I found myself getting short of breath at RMAF not long after I entered room 1030 at the Marriott Denver Tech Center. I put most of the blame on my general middle-aged poor health, combined with the altitude. But I also might have been hyperventilating from hearing $200K worth of impeccable electronics playing some classic blues records on the new Wilson Audio Alexia 2s.
I’d only sunk into a chair for a short time when my oxygen-starved brain began to process the sounds coming out of the new Alexias ($57,900 USD). This, without a doubt, was among the two or three best systems of the show, I thought. After I stayed to hear another handful of tracks, my confidence in that initial assessment only grew stronger, and I started to ponder this rig’s place on my year-end list.

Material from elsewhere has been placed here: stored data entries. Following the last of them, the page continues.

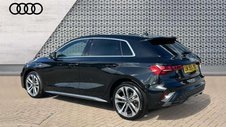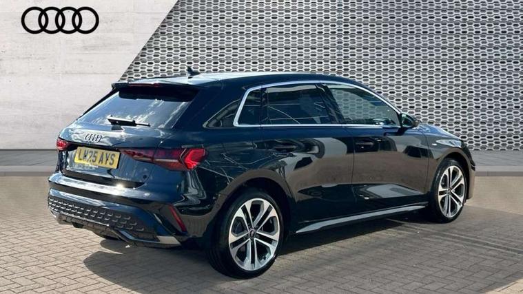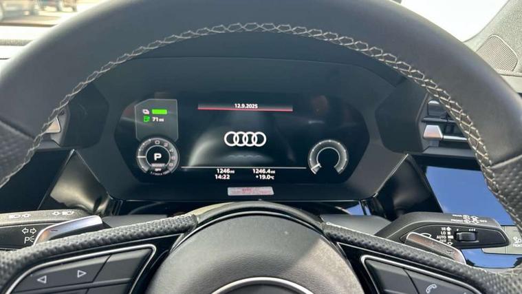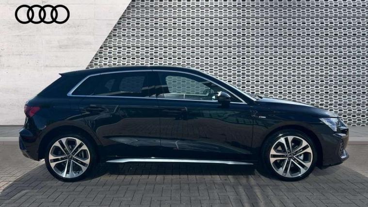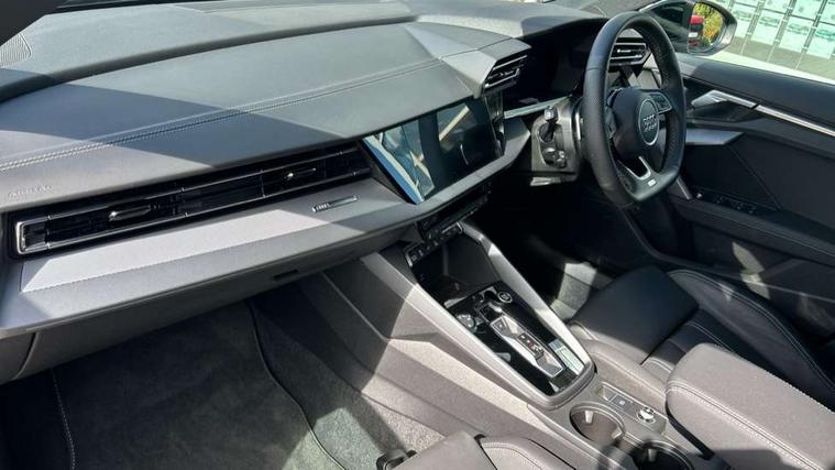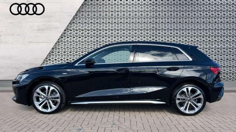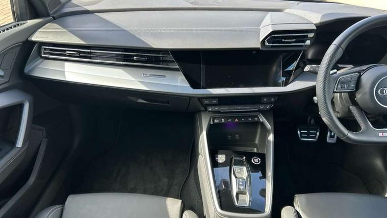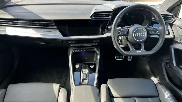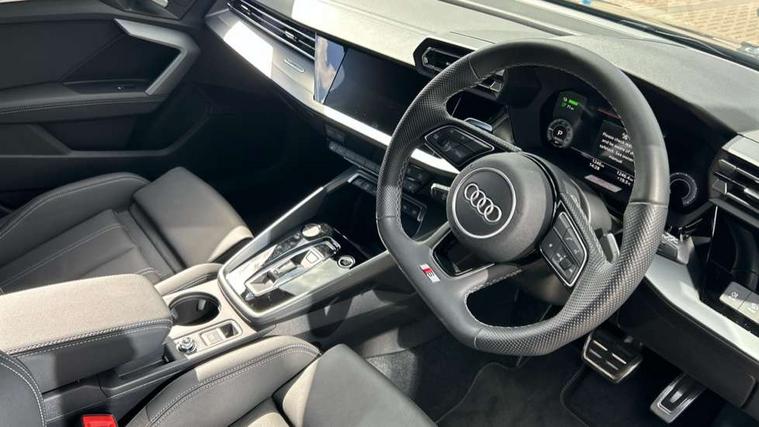 Adjustable speed limiter, Audi drive select, Audi smartphone interface with app store includes wireless Apple carplay, Android auto and Amazon alexa integration, Audi virtual cockpit plus - 12.3" full HD resolution dynamic digital instrument cluster, Automatic start/stop system with recuperation, Bluetooth interface, Camera based traffic sign recognition, Collision avoidance assistant, Cruise control, Distraction and Fatigue warning, e-Call (emergency call), Electromechanical power speed sensitive steering, Emergency assist, Lane departure warning system, MMI Navigation Plus with high resolution 10.1" colour touch screen display, Park Assist with parking system Plus, Service indicator, Trip computer, Voice control system with natural language interaction, 3 pin 10 amp domestic charging cable, CCS socket for DC charging, Charging cable for public charging, mode 3 (type 2), 32 A, Compact charging system, Industrial connector CEE 32 A, 230 V, length 1.6 m, Standard suspension, Type 2 socket for AC charging, Audi Phonebox light with wireless charging, Audi sound system - 10 loudspeakers including centre loudspeaker and subwoofer, DAB Digital radio, USB ports with charging function in the rear, Acoustic glass windscreen, All weather light, Aluminium window trim, Auto dimming frameless rear view mirror, Automatic dynamic range control, Body colour exterior mirrors, Chrome exhaust tailpipes, Dipped beam, main beam, position light and turning light, Electrically adjustable/heated/folding/auto dimming door mirrors with integrated LED indications + kerb view function for passenger side, Exterior model badging, Front and rear side air inlets in grained matt black with dark liquid chrome frame, Front electric windows, Front radiator grill in high gloss dark chrome, Heat insulating glass windscreen, Illuminated door sills with aluminium inserts at the front with S logo, Intersection light, LED 3rd brake light, LED brake lights, LED daytime running x3, LED headlights with LED rear lights and dynamic rear indicators, LED rear number plate lights, LED reverse light, LED tail lights, Light and rain sensors, Manoeuvring light, Motorway light, Privacy glass - dark tinted rear window, rear door and side windows, Rear diffuser and grill in grained matt black with inlay in dark liquid chrome, Rear electric windows, Rear side wing doors, Rear wiper, S line bumpers, S roof spoiler, Side S line emblems on front wings, Side sill trim in dark liquid chrome, Static Cornering lights, 12V socket and storage compartment in front centre console, 3 seat bench in 2nd row, 3 spoke flat bottomed leather multifunction sport steering wheel with gear shift paddles, 3-zone deluxe automatic air conditioning, 4 way electrically adjustable lumbar support for driver and front passenger, 40/20/40 split folding rear seat bench, Black cloth headlining, Black front and rear floor mats, Convenience auxiliary air conditioning, Front and rear centre armrest in artificial leather with contrasting stitching on armrests and instrument panel, Front and rear headrests, Heated front seats, Height and reach adjustable steering wheel, Manual boot compartment lid, Manually adjustable front seats, Rear centre armrest with cupholder, S badging on the steering wheel, Seat side bolsters, Single front passenger seat, Stainless steel pedals and front footrest in black, Twin leather upholstery with front sports seats S embossed logo, Aluminium interior elements pack - A3, Multi-coloured LED interior lighting package with Multi-coloured contour lighting of instrument panel - A3, 3x3 point rear seat belts, Acoustic vehicle alerting system, Driver and front passenger airbag with passenger airbag deactivation, Electronic Stabilisation Control (ESC) including ABS, ASR and EDL, First aid kit with warning triangle and 2 safety vests, Front side airbags with head airbags and interaction airbag, Hill hold assist, Pre-sense front with pedestrian and cyclist detection, Seatbelt monitoring, Tyre pressure loss indicator, Anti theft alarm, Anti-theft wheel bolts, Electronically operated child locks, Immobiliser, Remote central locking with safelock, Black dashboard, Inlay in dark aluminium spectrum, Tyre repair kit,
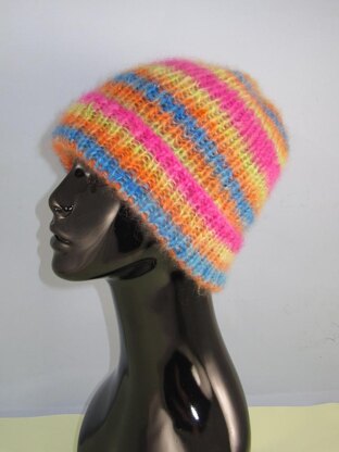 This is my Angel Print Mohair All Rib Beanie Hat knitting pattern. This lovely beanie is really quick and easy to make because its knit on 5 mm needles using 3 balls of this lovely yarn together. This technique also makes it extra warm to wear.
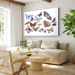 - Această imprimare pe pânză înfățișează o colecție de fluturi colorați pe un fundal alb, subliniind frumusețea naturii și subtilitatea formei. Perfectă pentru interioare elegante și luminoase.
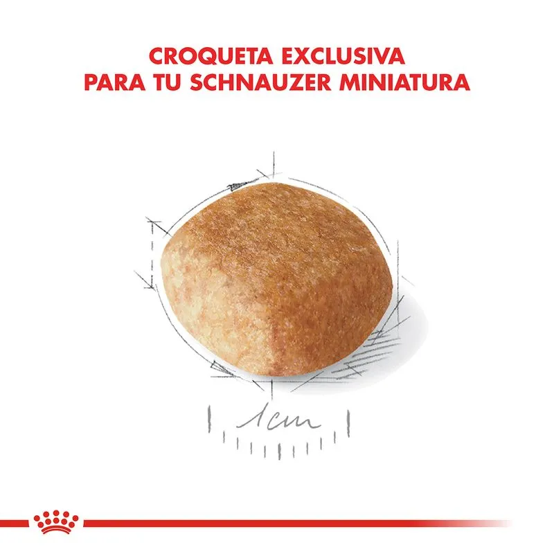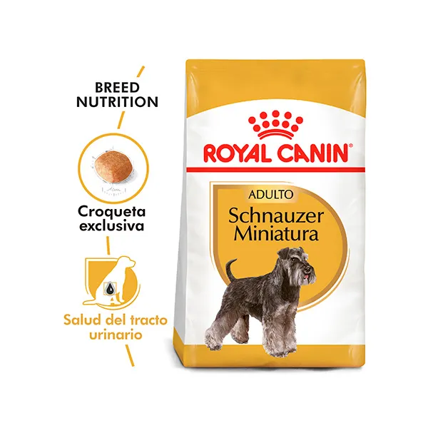 ROYAL CANIN Mini Schnauzer Adulto es un alimento completo formulado especialmente para perros adultos de raza Mini Schnauzer a partir de los 10 meses de edad. Su fórmula está diseñada para ayudar a mantener la salud de la piel y el pelaje, así como para apoyar la salud urinaria y la tonicidad muscular.
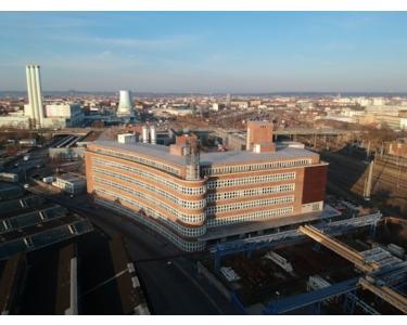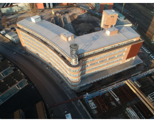 Der seit 1978 unter Denkmalschutz stehende Stahlskelettbau wurde mit rotem Klinker verkleidet und besteht aus zwei sechsgeschossigen Flügeln, die im stumpfen Winkel zueinander geordnet sind.
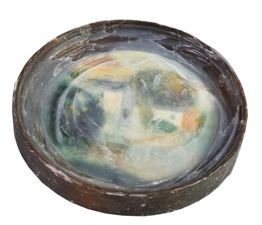 tecnica mista e silicone su cartone e legno, diam cm 15
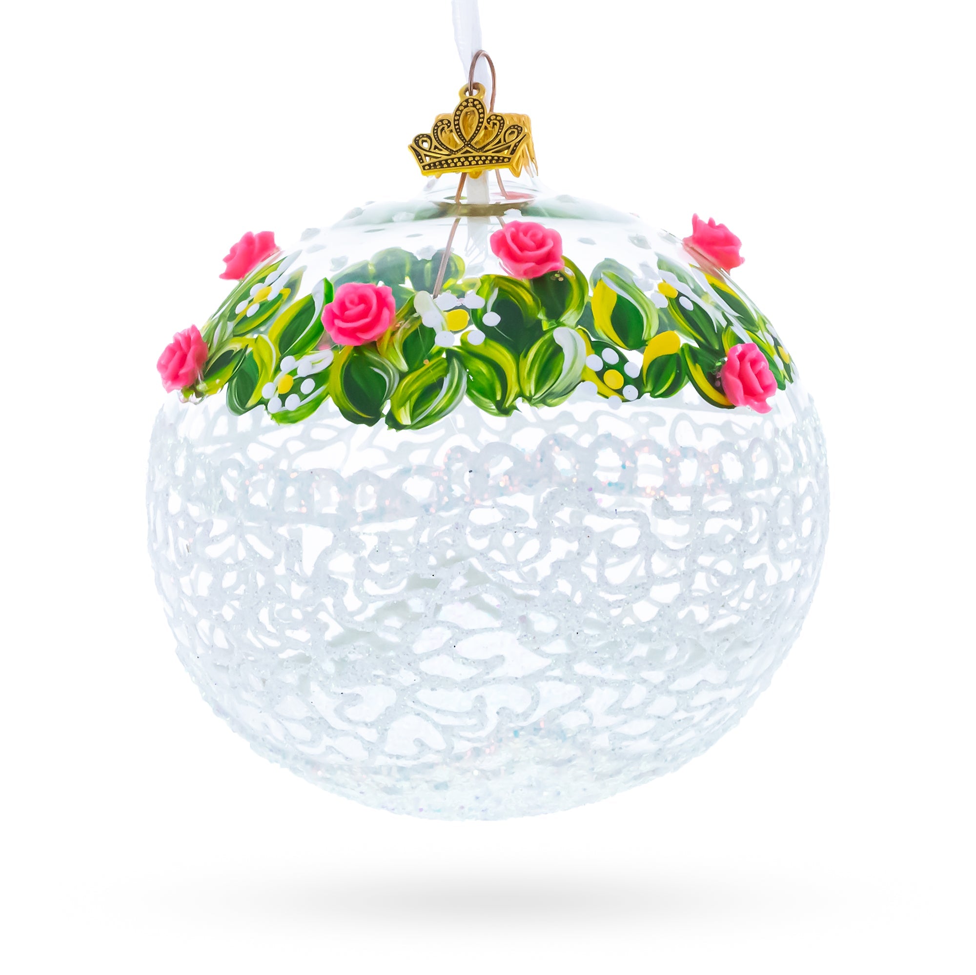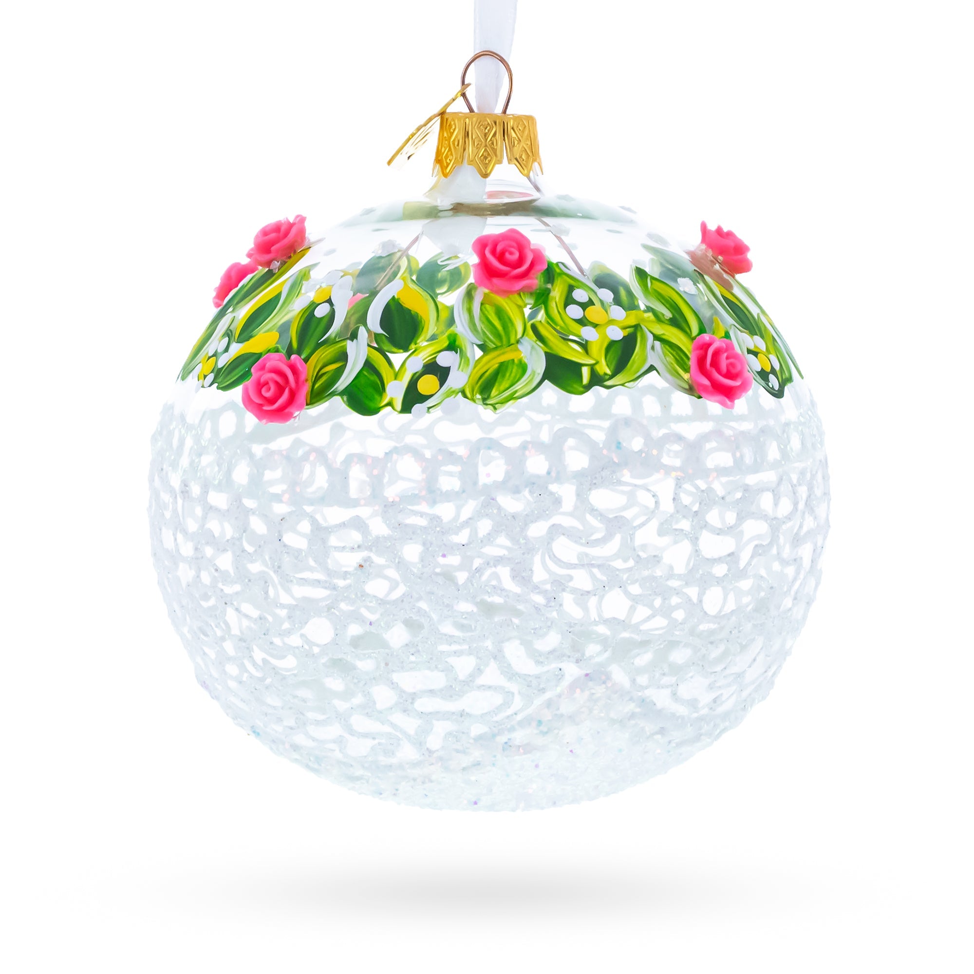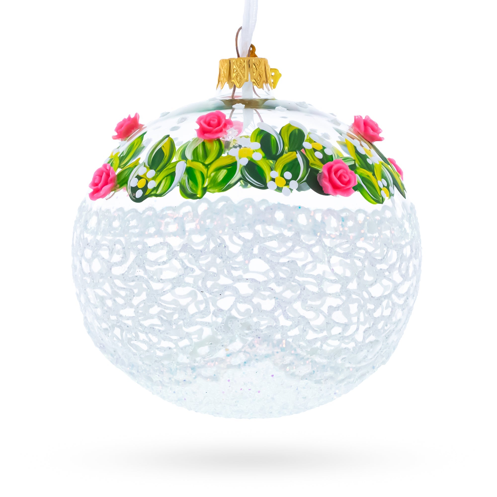 Dimensional Pink Roses Glass Ball Christmas Ornament 4 Inches
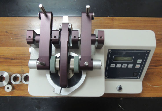 Taber Abrasion Machine. Om de slijtvastheid te bepalen van allerlei soorten structuren, waaronder stoffen, leer en rubber, papier, metalen, verven, geplateerde oppervlakken, gecoate materialen, glas, enz.
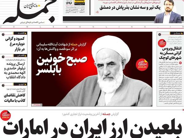 خبر مقتل عباس علي سليماني، الممثل السابق للمرشد الإيراني علي خامنئي في محافظة بلوشستان وعضو مجلس خبراء القيادة، كان له صدى واسع في تغطية الصحف الإيرانية الصادرة اليوم الخميس 27 أبريل (نيسان).
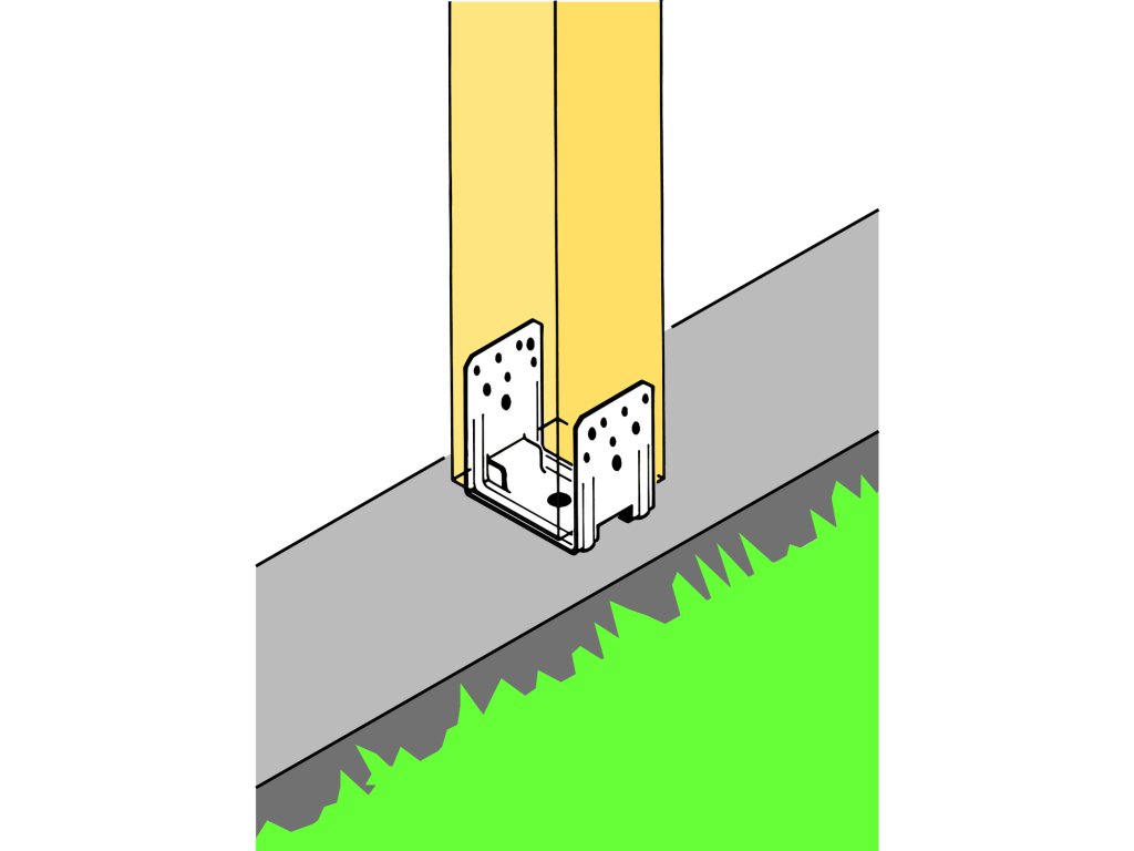 Patky sloupku PU se postaví přímo na podklad a jejich poloha se zajistí kotevními čepy.
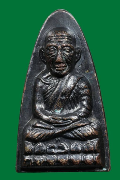 พระกลีบบัวหลวงพ่อทวด วัดช้างให้ รุน1 ปี2507 เนื้อทองเหลืองรมดำ ..(2)
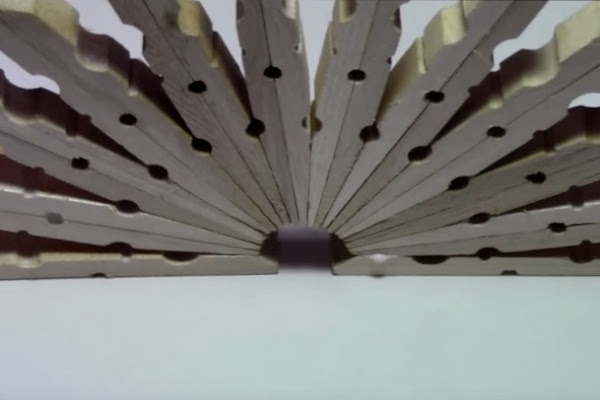 4. Volteamos la pinza y pegamos la otra al lado, de tal manera que queden bien unidas las puntas. Hacemos esto con las diez pinzas que habíamos preparado. Las puntas se quedarán formando un semicírculo.
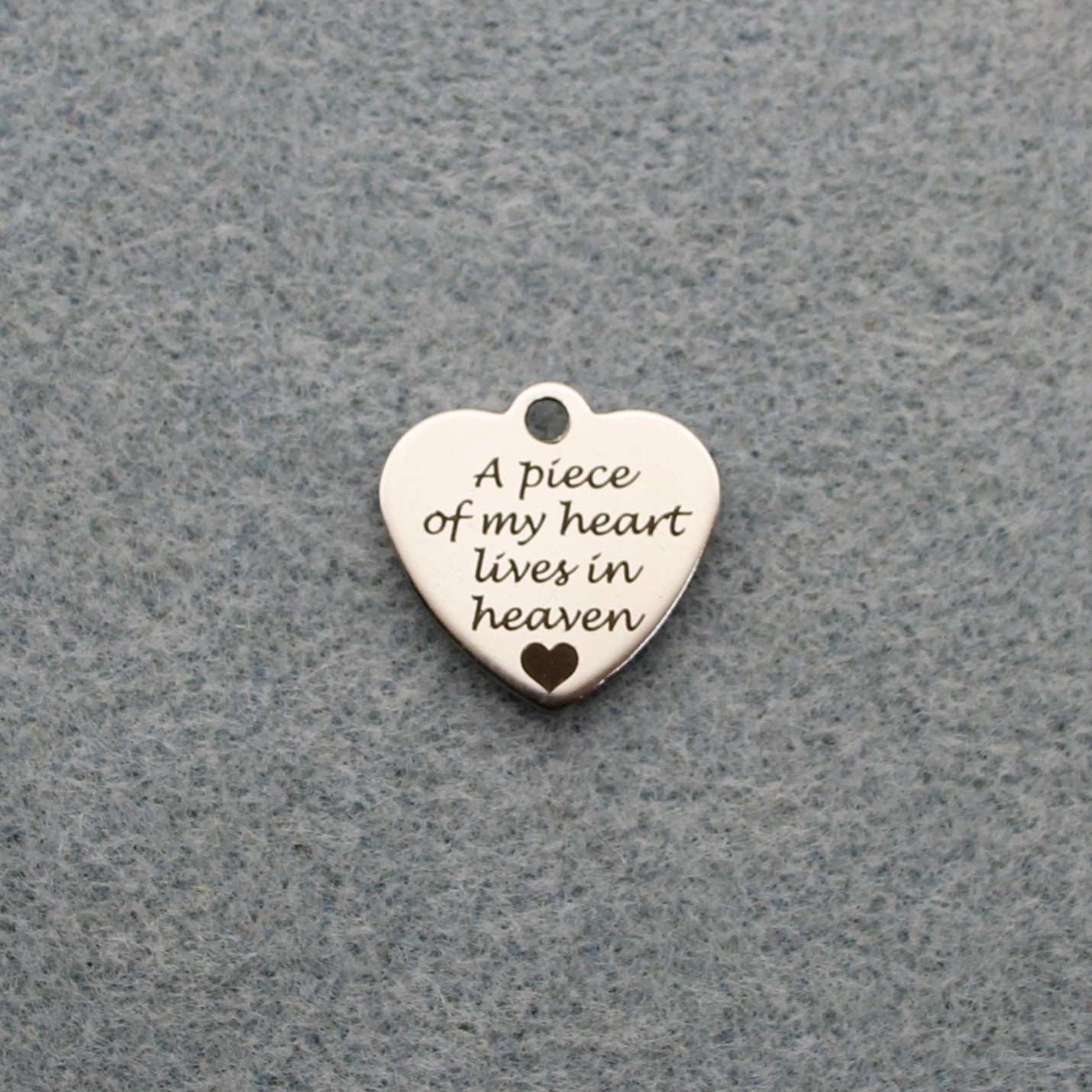 Stainless Steel Heart Shaped Charm engraved with A piece of my heart is in heaven. This charm is 16 ...

In front of me was a bank of glowing amber dials from a rack full of equipment from Nagra, including the new HD preamplifier ($59,500 USD, shipping soon), HD monoblocks ($86,000/pair USD), HD DAC ($30,995 USD) and VPS phono stage ($7,995). The vinyl was being played on a Kronos Pro turntable ($38,000 USD, with a Kronos arm and Air Tight Opus-1 Ermitage moving-coil cartridge). There also was a Nagra reel-to-reel deck. Wire was by Kubala Sosna.
The song that made such a strong initial impression on me was “Stranger Here” by Lightnin’ Hopkins, played on the Kronos. Hopkins’ voice – recorded somewhat “dry” with little reverb – was immediate and palpable, and his finger-picked guitar had a crisp tone. Perhaps the most noteworthy aspect of the presentation was the stunning resolution of the decades-old record. It was as if any noise had been wiped away, leaving only Hopkins’ vocals and strumming emerging from a deep black background.
A second vinyl selection, this one from the Jimmy Giuffre Trio on a Columbia jazz sampler, showed the Nagra-Kronos-Wilson system to be equally adept at instrumental music. Giuffre’s horn had power and sophistication, while I also found it thrilling to follow the interplay of the group’s other members. There was an appropriate weight to the instruments, and the soundstage had realistic width and depth.
I listened to a few more tracks, including Dean Martin and Ben Webster, and cemented my opinion. “High definition” is a term that’s thrown around a lot these days, but it can be more marketing hype than reality. Nagra chose to use the HD label on some of the equipment on display in Denver, but in this case I think they aren’t stretching the truth. Wilson, meanwhile, has taken what already was an exceptional speaker and somehow – through a long list of small changes – made it even better. All these products likely would be successful with other gear as well, but there definitely was a synergy here.
Price tags are not always a good predictor of ultimate performance. In this case, though, the manufacturers seem to be coming as close as anyone to achieving the promise of the upper reaches of the high end.
Another thing I must note is that, despite the dollars involved, this room was not a total bling-fest of audio jewelry. The Nagra components, while handsome, have a pro sound-type look. Wilson speakers feature beautiful paint and fit-and-finish, but the exteriors prize function over form. The bottom line for all these products is that they deliver the goods to your ears. If you’re chasing that last 10 percent in state-of-the-art sound quality and won’t faint at the cost, these are components you should audition.